An exact copy of all the data is needed, with every picture left out.
══ The data ══
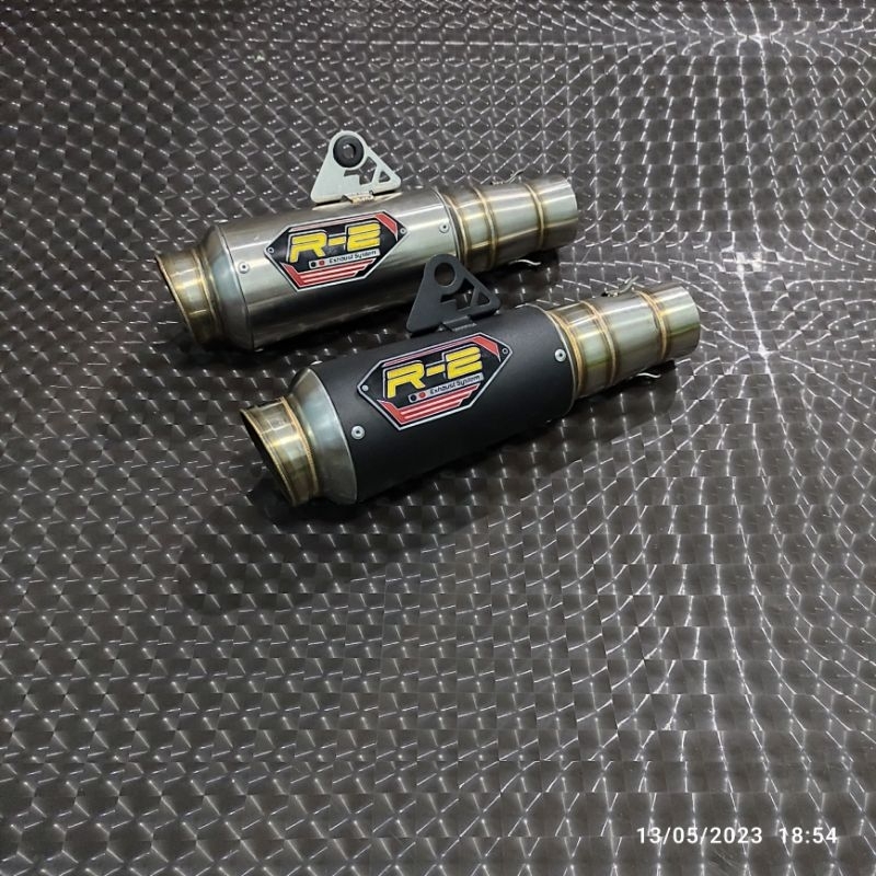 Knalpot Drag roadrace boreup harian R2 Muffler sarangan stengah type R stenlis dan R black
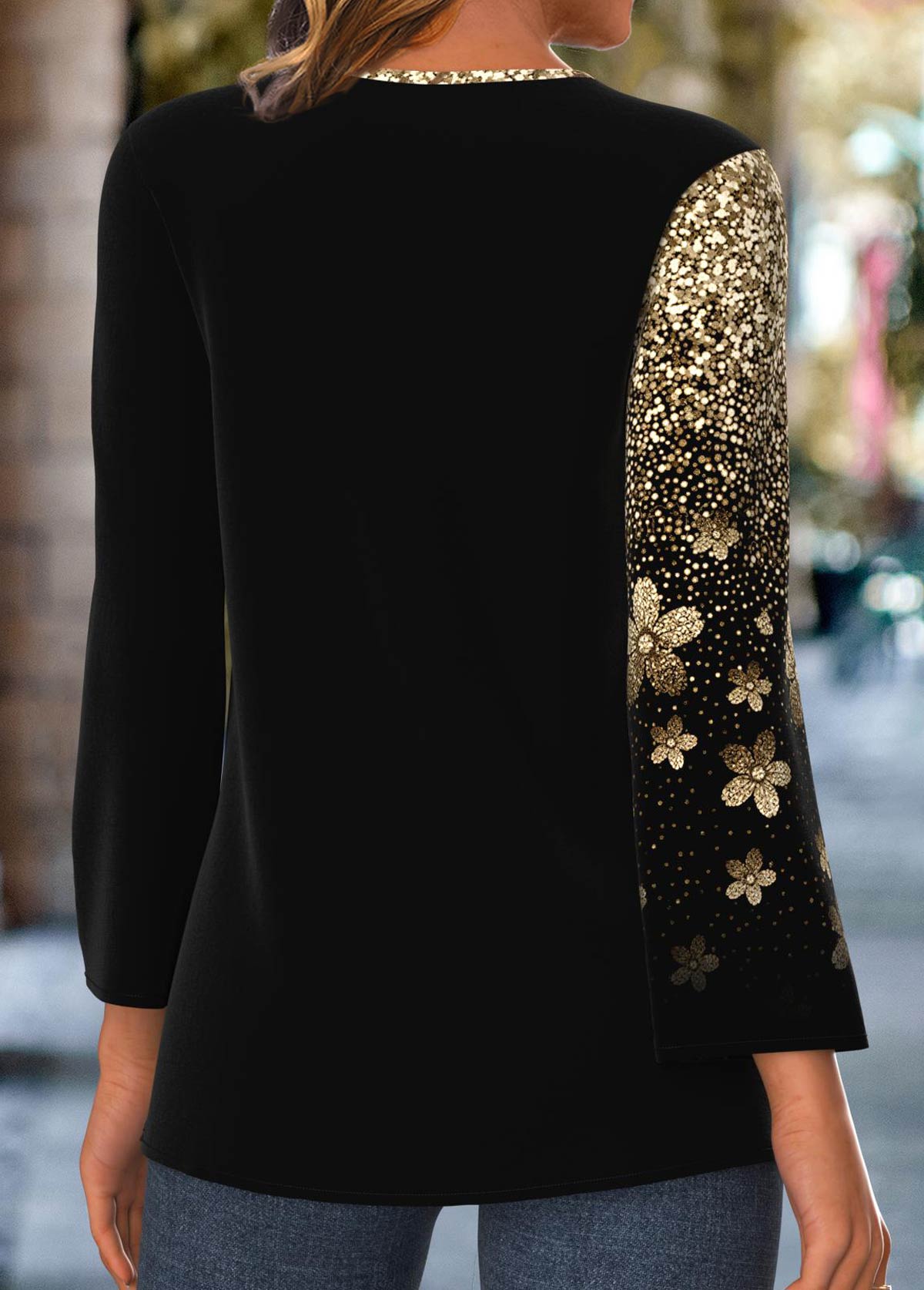 SALE Ombre Patchwork Black Long Sleeve Split Neck Blouse Rosewe®
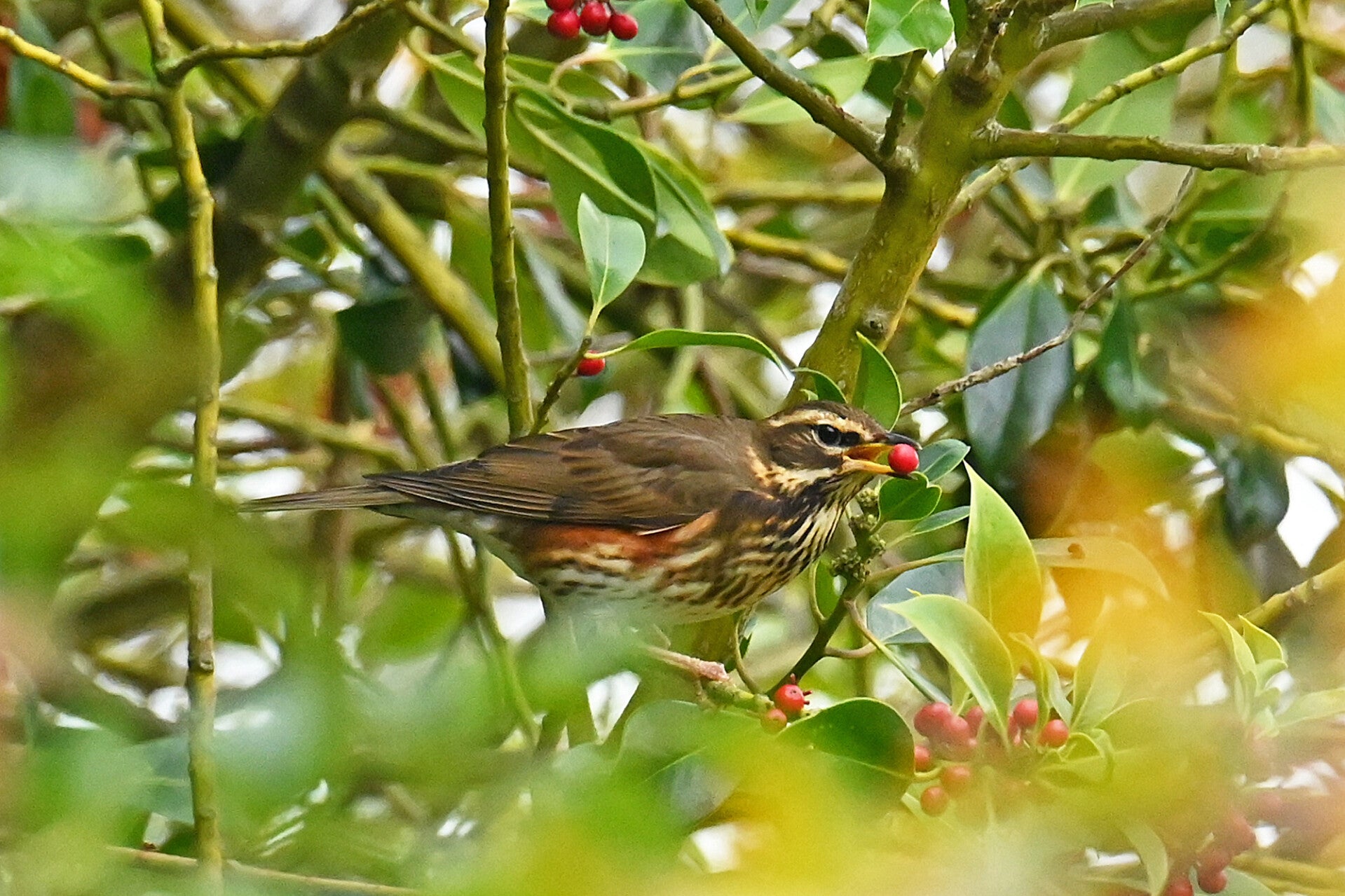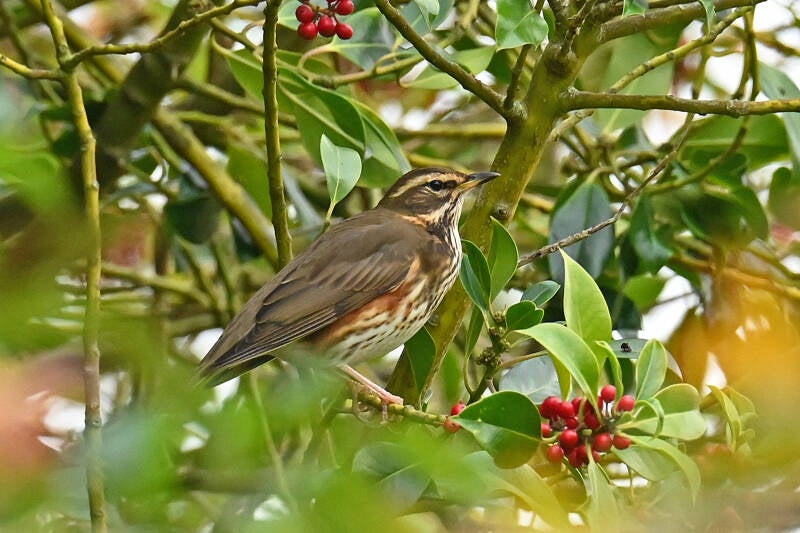 Afgelopen weken trokken vele Koperwieken door het land. Ook rond ons huis hebben we genoten van deze fraaie vogels die zich volop tegoed deden aan de bessen van o.a. Meidoorn en Hulst.
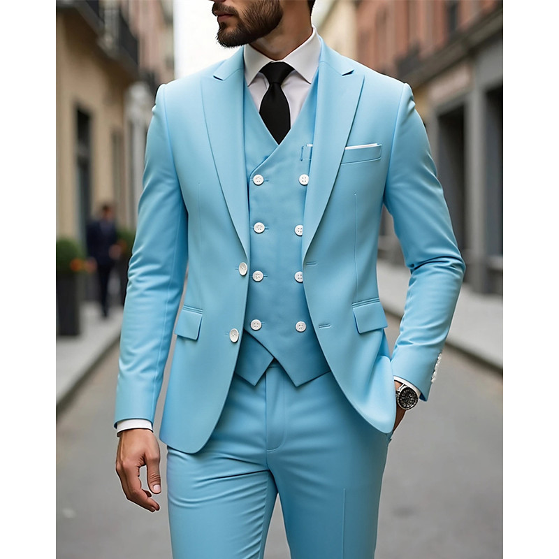 Men's BlazerVestDress Pants Blazer Suits Business Cocktail Party Wedding Party 3 Piece Fashion Casual Spring Fall Polyester Plain Pocket Buttons Comfortable Double Breasted Blazer Blue Dark Gray
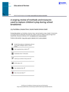 FitzGibbon, L., Oliver, B., Nesbit, R. and Dodd, H. (2025) A scoping review of methods and measures used to capture children's play during school breaktimes. Educational Review, 77 (6). pp. 1991-2016. ISSN 1465-3397 doi: 10.1080/00131911.2024.2306944
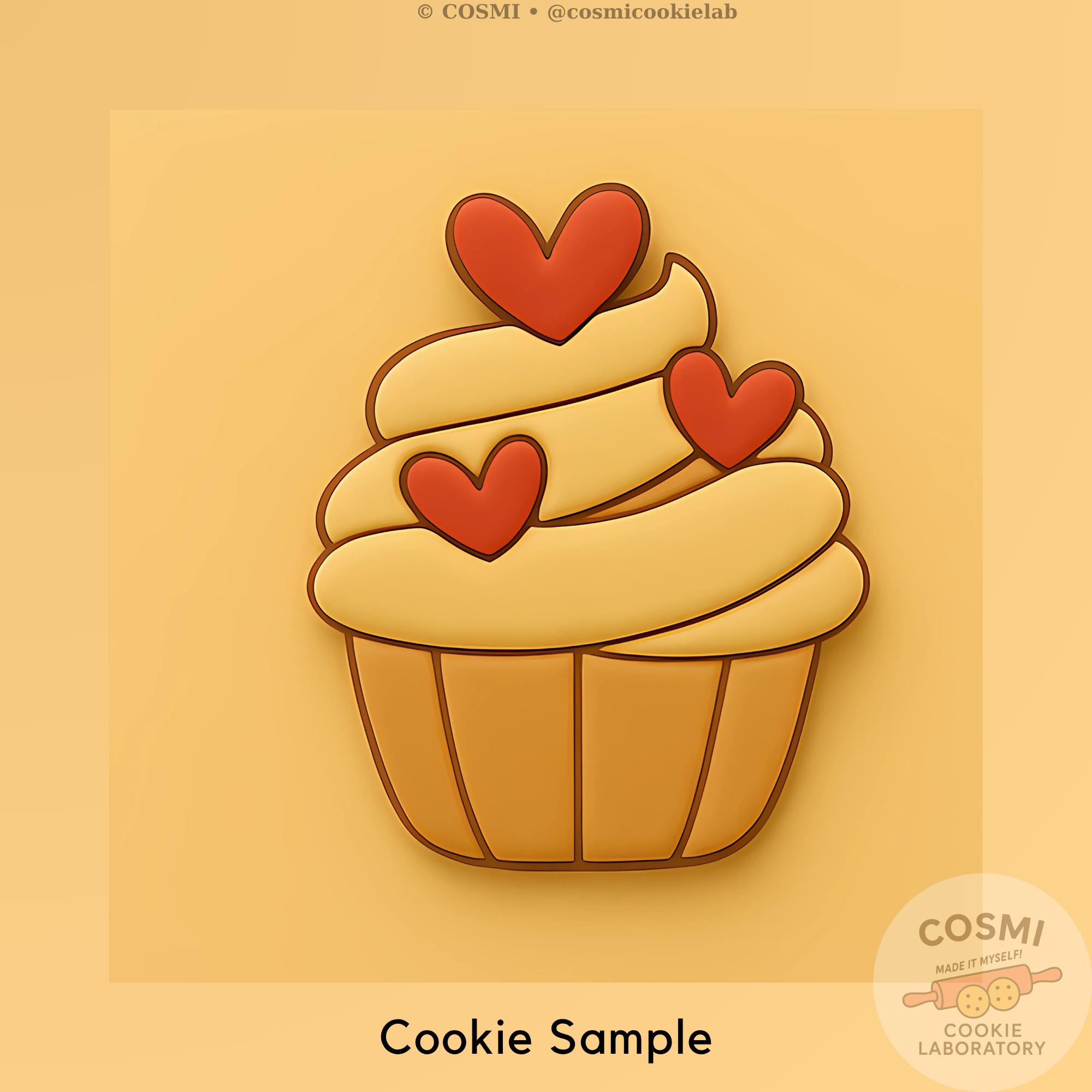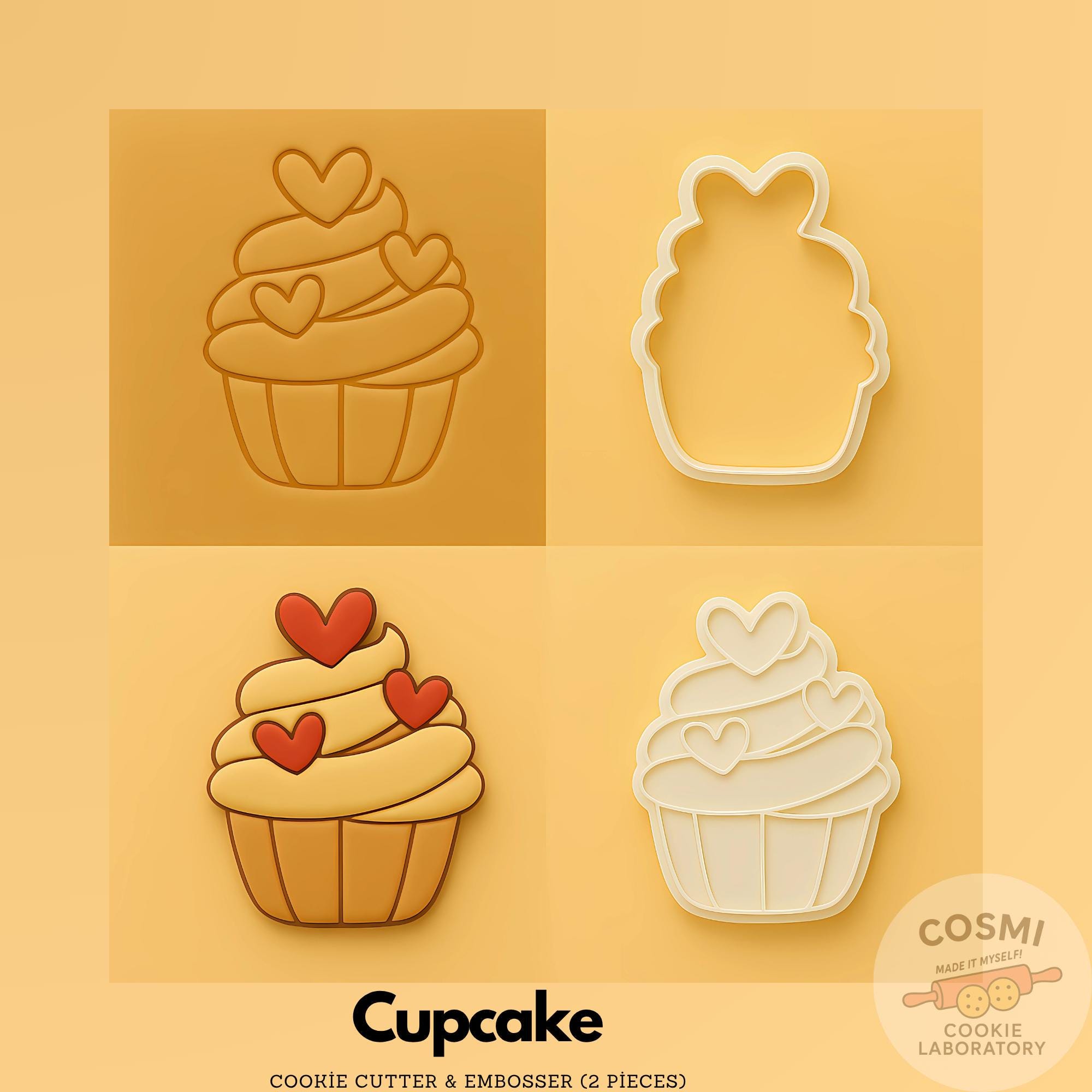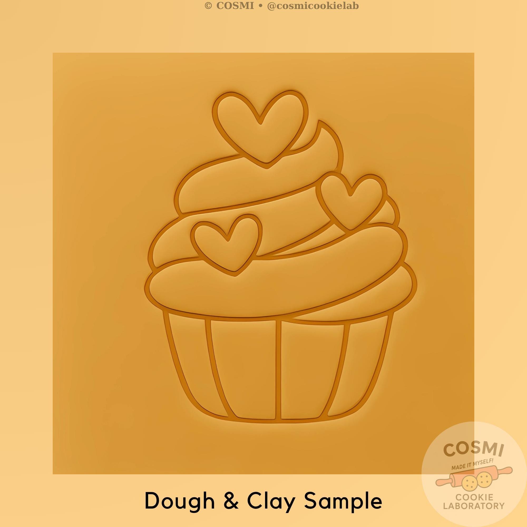 Cupcake Cookie Cutter - Heart Cupcake Cookies - Sweet Swirl Embosser Stamp
═══
Response =>
 Knalpot Drag roadrace boreup harian R2 Muffler sarangan stengah type R stenlis dan R black
 SALE Ombre Patchwork Black Long Sleeve Split Neck Blouse Rosewe®
 Afgelopen weken trokken vele Koperwieken door het land. Ook rond ons huis hebben we genoten van deze fraaie vogels die zich volop tegoed deden aan de bessen van o.a. Meidoorn en Hulst.
 Men's BlazerVestDress Pants Blazer Suits Business Cocktail Party Wedding Party 3 Piece Fashion Casual Spring Fall Polyester Plain Pocket Buttons Comfortable Double Breasted Blazer Blue Dark Gray
 FitzGibbon, L., Oliver, B., Nesbit, R. and Dodd, H. (2025) A scoping review of methods and measures used to capture children's play during school breaktimes. Educational Review, 77 (6). pp. 1991-2016. ISSN 1465-3397 doi: 10.1080/00131911.2024.2306944
 Cupcake Cookie Cutter - Heart Cupcake Cookies - Sweet Swirl Embosser Stamp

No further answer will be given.